Source data:
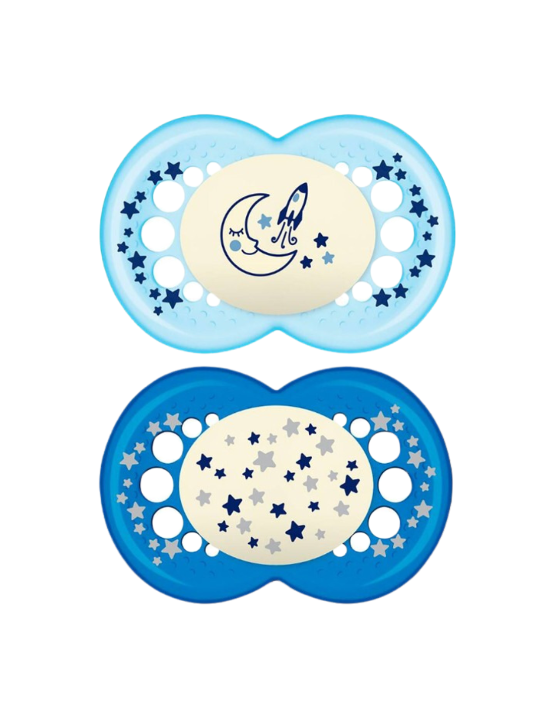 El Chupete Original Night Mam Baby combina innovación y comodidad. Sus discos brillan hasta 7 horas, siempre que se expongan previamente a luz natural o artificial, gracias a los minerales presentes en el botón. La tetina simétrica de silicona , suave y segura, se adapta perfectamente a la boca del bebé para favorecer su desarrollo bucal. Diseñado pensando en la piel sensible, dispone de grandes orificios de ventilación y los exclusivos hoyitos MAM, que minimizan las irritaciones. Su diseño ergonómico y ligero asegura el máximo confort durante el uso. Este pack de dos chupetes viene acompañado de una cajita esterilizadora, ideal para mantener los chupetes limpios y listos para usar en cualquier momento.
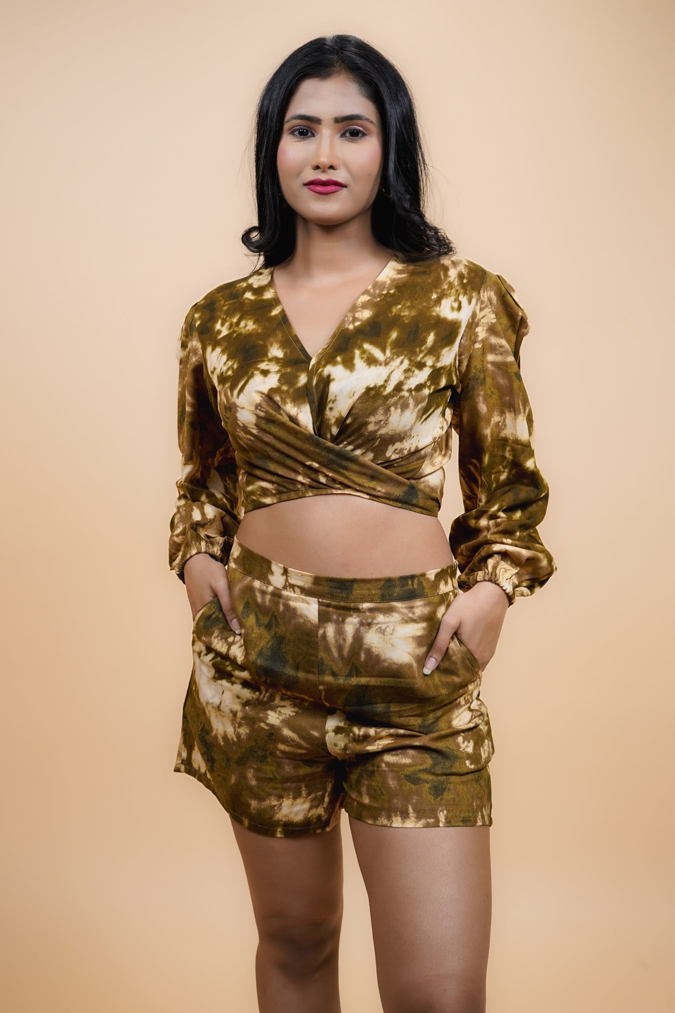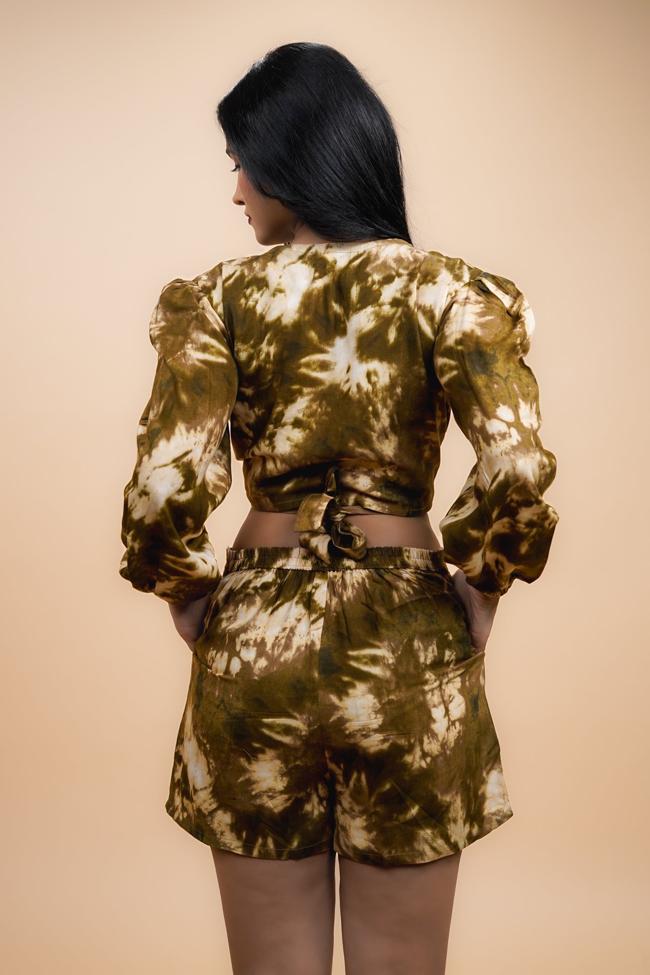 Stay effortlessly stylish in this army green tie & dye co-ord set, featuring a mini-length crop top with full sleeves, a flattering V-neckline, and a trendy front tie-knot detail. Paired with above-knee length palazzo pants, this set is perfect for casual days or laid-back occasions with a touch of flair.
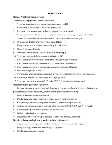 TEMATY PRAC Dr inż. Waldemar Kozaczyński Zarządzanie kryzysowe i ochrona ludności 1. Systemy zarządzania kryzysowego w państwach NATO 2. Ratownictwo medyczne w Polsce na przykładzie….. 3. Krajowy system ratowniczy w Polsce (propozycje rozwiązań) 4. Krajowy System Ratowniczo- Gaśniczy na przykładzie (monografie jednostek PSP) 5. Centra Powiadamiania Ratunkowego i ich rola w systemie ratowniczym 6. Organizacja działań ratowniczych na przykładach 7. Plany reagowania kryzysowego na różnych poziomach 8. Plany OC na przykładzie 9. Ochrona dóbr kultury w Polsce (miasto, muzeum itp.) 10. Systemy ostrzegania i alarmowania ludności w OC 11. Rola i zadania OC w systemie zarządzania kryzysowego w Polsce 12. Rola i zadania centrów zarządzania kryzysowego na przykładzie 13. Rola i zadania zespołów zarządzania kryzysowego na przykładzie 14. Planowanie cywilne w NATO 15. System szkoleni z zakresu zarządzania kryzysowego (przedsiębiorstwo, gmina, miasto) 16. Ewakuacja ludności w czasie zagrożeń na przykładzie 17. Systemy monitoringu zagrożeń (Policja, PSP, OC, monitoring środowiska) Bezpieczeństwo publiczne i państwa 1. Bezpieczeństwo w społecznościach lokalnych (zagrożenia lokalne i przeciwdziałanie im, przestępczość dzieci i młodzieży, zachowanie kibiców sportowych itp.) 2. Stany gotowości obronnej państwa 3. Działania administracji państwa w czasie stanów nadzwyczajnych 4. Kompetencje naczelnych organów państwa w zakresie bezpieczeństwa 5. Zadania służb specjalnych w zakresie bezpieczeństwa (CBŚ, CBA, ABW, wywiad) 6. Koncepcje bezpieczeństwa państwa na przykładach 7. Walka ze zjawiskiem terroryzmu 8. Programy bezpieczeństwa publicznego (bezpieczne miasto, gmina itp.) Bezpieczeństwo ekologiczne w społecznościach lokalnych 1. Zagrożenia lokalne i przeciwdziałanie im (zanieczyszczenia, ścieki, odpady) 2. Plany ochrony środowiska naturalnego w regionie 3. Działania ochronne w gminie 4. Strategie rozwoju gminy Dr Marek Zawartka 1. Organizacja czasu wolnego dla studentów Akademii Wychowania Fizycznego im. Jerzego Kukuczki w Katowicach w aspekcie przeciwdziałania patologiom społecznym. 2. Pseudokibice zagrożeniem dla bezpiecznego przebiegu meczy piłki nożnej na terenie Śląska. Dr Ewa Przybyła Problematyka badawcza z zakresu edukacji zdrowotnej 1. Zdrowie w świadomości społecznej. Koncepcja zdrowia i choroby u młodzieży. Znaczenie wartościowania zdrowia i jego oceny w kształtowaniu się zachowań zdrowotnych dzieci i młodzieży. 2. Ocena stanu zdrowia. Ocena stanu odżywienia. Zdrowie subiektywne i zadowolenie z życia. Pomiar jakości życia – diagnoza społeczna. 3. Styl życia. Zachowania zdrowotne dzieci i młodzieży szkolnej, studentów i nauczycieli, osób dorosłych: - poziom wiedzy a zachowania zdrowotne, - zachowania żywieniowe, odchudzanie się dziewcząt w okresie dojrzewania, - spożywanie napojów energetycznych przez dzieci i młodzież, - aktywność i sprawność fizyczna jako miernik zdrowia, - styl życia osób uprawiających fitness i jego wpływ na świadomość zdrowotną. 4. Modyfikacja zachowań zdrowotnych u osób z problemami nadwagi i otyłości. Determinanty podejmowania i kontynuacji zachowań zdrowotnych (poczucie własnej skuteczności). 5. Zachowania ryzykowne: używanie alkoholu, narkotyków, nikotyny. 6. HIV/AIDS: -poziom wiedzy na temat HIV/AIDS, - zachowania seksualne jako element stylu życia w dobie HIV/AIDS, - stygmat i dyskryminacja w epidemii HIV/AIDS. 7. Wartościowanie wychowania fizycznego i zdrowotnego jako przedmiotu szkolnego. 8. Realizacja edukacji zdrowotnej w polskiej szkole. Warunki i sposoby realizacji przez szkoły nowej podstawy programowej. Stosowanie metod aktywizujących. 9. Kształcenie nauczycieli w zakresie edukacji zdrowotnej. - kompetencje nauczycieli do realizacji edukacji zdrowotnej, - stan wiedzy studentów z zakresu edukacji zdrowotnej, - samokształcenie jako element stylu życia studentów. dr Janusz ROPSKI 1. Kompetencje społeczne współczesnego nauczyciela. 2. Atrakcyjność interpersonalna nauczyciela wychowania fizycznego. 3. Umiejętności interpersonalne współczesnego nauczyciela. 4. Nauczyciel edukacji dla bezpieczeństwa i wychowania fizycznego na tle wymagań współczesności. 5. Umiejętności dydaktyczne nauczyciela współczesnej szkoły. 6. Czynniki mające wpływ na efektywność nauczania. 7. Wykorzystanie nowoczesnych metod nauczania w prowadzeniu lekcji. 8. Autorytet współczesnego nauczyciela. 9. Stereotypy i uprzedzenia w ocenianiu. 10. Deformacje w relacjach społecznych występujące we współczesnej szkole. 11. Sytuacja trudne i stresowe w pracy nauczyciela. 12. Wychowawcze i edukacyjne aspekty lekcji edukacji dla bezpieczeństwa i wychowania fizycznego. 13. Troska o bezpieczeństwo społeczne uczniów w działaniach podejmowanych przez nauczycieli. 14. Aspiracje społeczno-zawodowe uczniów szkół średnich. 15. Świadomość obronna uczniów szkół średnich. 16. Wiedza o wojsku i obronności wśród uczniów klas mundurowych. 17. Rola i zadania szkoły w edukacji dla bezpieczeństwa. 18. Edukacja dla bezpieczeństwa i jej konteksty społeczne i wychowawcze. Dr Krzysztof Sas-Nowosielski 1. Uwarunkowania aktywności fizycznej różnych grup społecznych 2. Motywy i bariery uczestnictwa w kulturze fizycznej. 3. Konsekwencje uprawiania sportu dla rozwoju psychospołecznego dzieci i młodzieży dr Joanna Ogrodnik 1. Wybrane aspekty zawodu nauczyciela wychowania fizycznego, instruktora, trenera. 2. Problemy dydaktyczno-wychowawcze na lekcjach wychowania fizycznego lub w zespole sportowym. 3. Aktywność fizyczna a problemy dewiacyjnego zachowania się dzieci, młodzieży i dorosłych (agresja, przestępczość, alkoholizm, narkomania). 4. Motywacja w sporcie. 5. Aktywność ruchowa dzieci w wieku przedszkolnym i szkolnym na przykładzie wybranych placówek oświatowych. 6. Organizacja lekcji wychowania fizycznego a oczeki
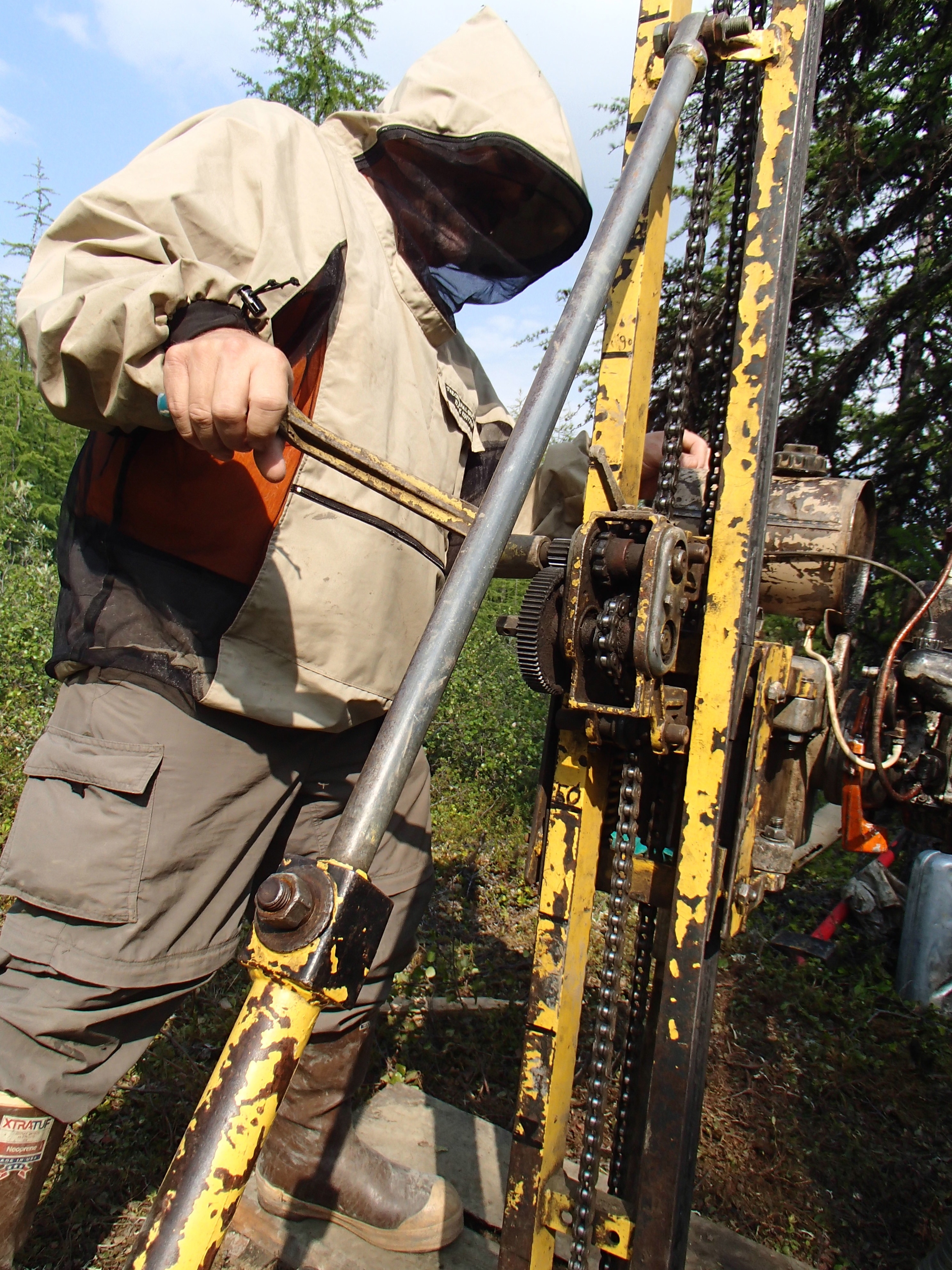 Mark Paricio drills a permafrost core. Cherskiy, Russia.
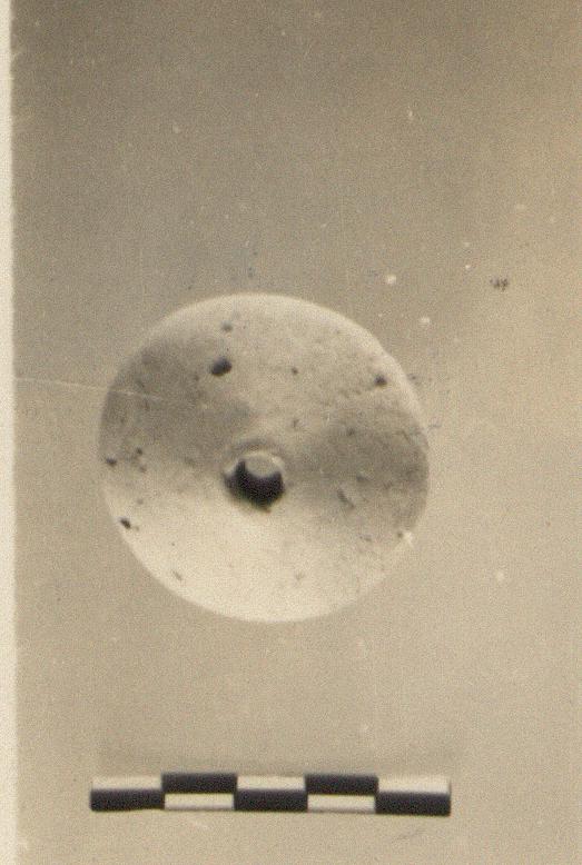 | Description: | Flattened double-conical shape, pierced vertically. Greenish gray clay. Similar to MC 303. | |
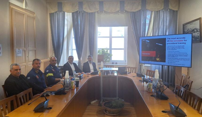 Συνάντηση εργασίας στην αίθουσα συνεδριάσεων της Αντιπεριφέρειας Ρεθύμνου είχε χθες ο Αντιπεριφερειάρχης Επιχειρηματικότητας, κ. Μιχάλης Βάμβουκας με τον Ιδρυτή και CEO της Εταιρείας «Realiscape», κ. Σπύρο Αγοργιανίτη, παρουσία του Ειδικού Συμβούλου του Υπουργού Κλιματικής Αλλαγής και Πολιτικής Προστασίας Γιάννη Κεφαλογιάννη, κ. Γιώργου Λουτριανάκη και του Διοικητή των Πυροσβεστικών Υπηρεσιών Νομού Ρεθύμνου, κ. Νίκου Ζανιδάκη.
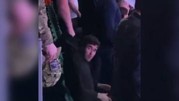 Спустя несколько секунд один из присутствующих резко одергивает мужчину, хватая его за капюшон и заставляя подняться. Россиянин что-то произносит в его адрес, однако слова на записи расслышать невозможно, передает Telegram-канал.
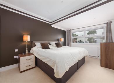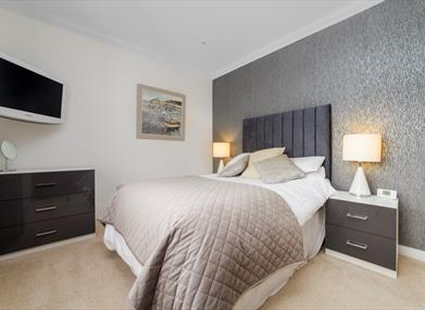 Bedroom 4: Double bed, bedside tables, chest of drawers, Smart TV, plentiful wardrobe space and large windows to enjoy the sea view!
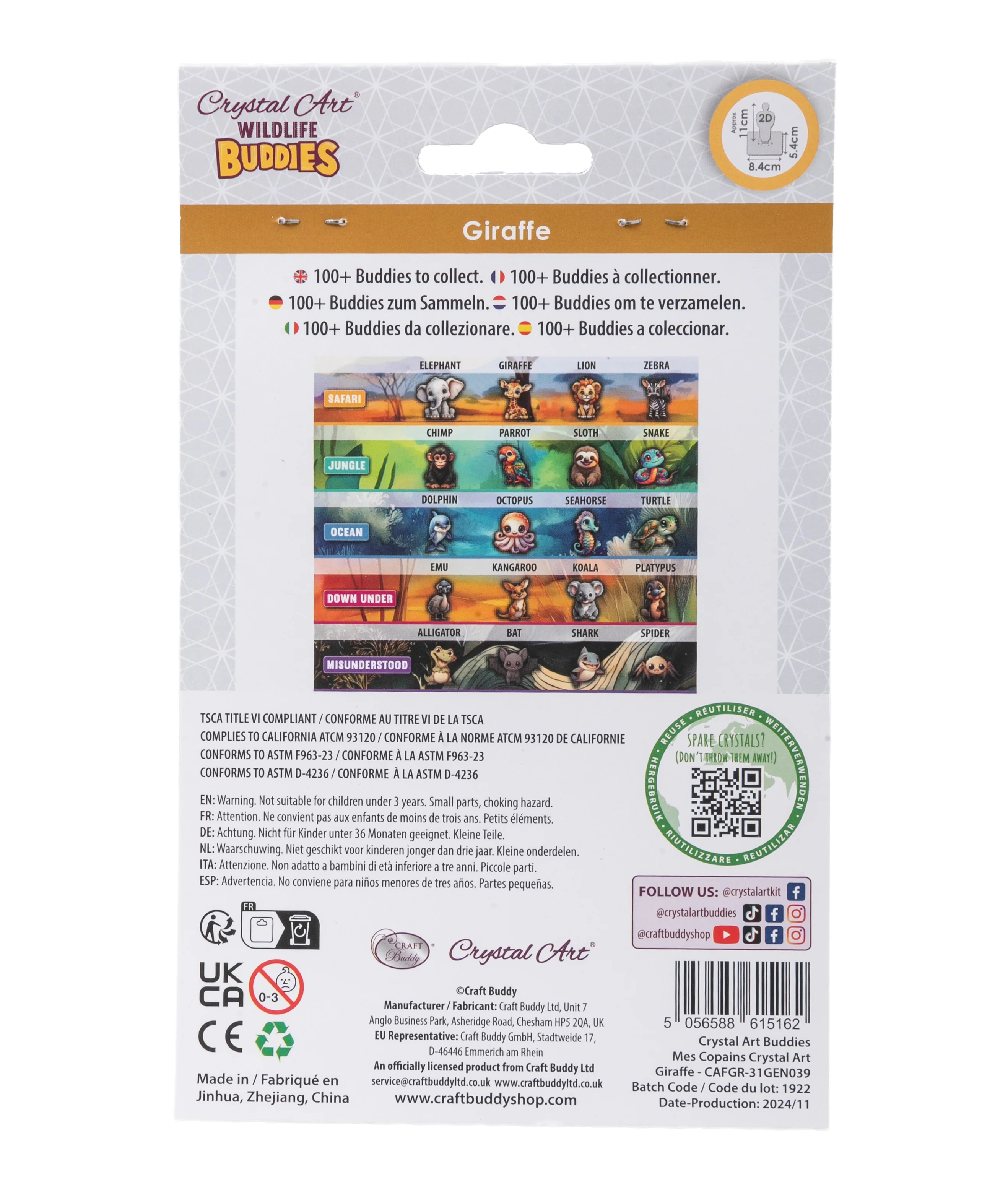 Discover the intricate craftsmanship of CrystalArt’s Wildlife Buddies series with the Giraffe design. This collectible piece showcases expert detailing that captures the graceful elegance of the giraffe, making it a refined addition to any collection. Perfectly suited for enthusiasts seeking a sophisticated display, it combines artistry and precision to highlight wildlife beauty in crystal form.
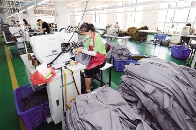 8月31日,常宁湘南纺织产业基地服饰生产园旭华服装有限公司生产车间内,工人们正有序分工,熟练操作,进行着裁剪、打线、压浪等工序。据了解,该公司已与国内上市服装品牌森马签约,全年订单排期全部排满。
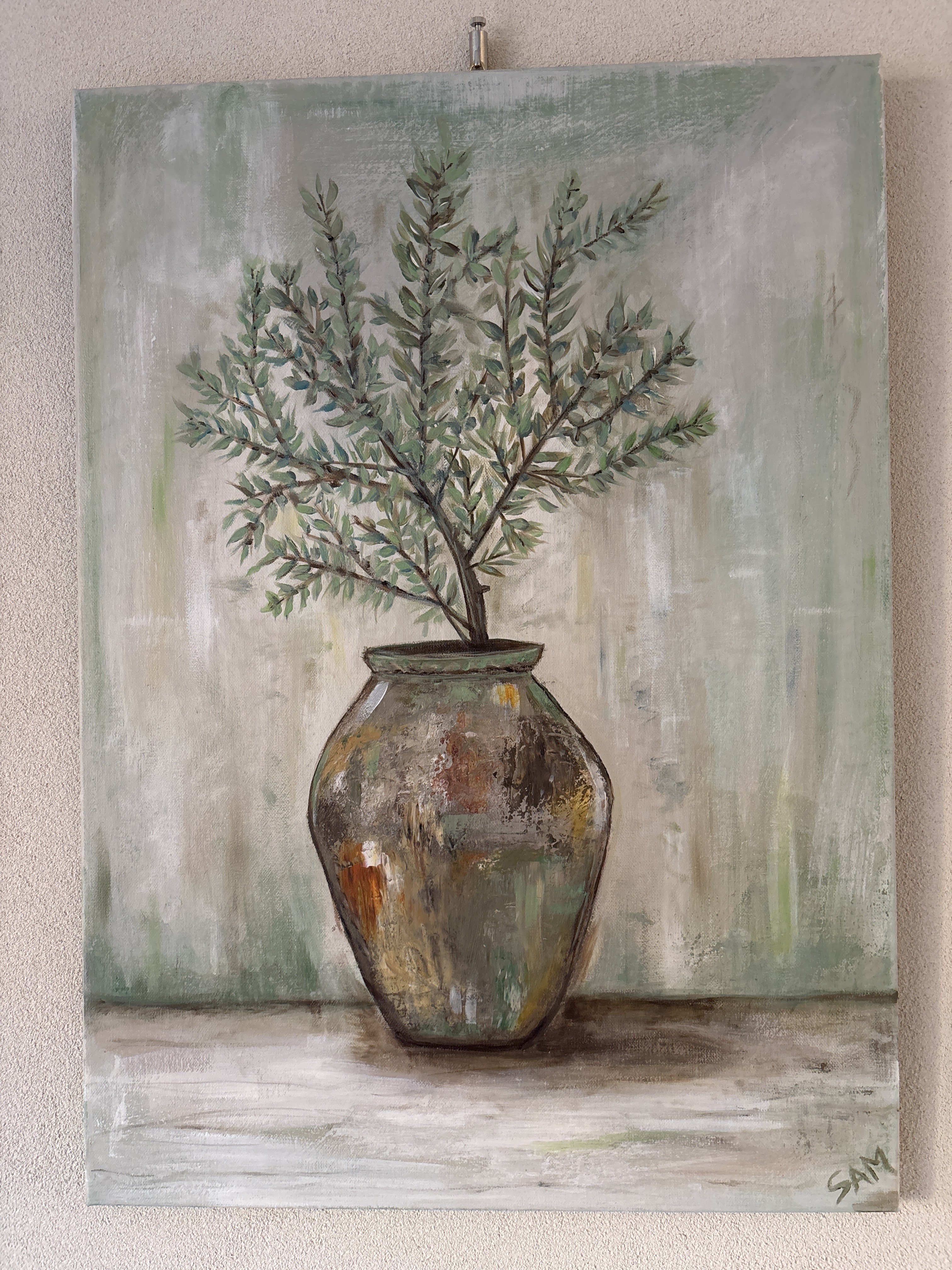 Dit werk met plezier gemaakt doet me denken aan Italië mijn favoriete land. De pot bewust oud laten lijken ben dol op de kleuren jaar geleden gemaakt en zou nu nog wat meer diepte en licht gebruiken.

What you have to do: An exact copy is needed of the stretch above that opens with the line containing "Спустя несколько секунд" and closes with the line containing "Bedroom 4: Double"; the pictures are not part of it.

Task response:
 Спустя несколько секунд один из присутствующих резко одергивает мужчину, хватая его за капюшон и заставляя подняться. Россиянин что-то произносит в его адрес, однако слова на записи расслышать невозможно, передает Telegram-канал.
 Bedroom 4: Double bed, bedside tables, chest of drawers, Smart TV, plentiful wardrobe space and large windows to enjoy the sea view!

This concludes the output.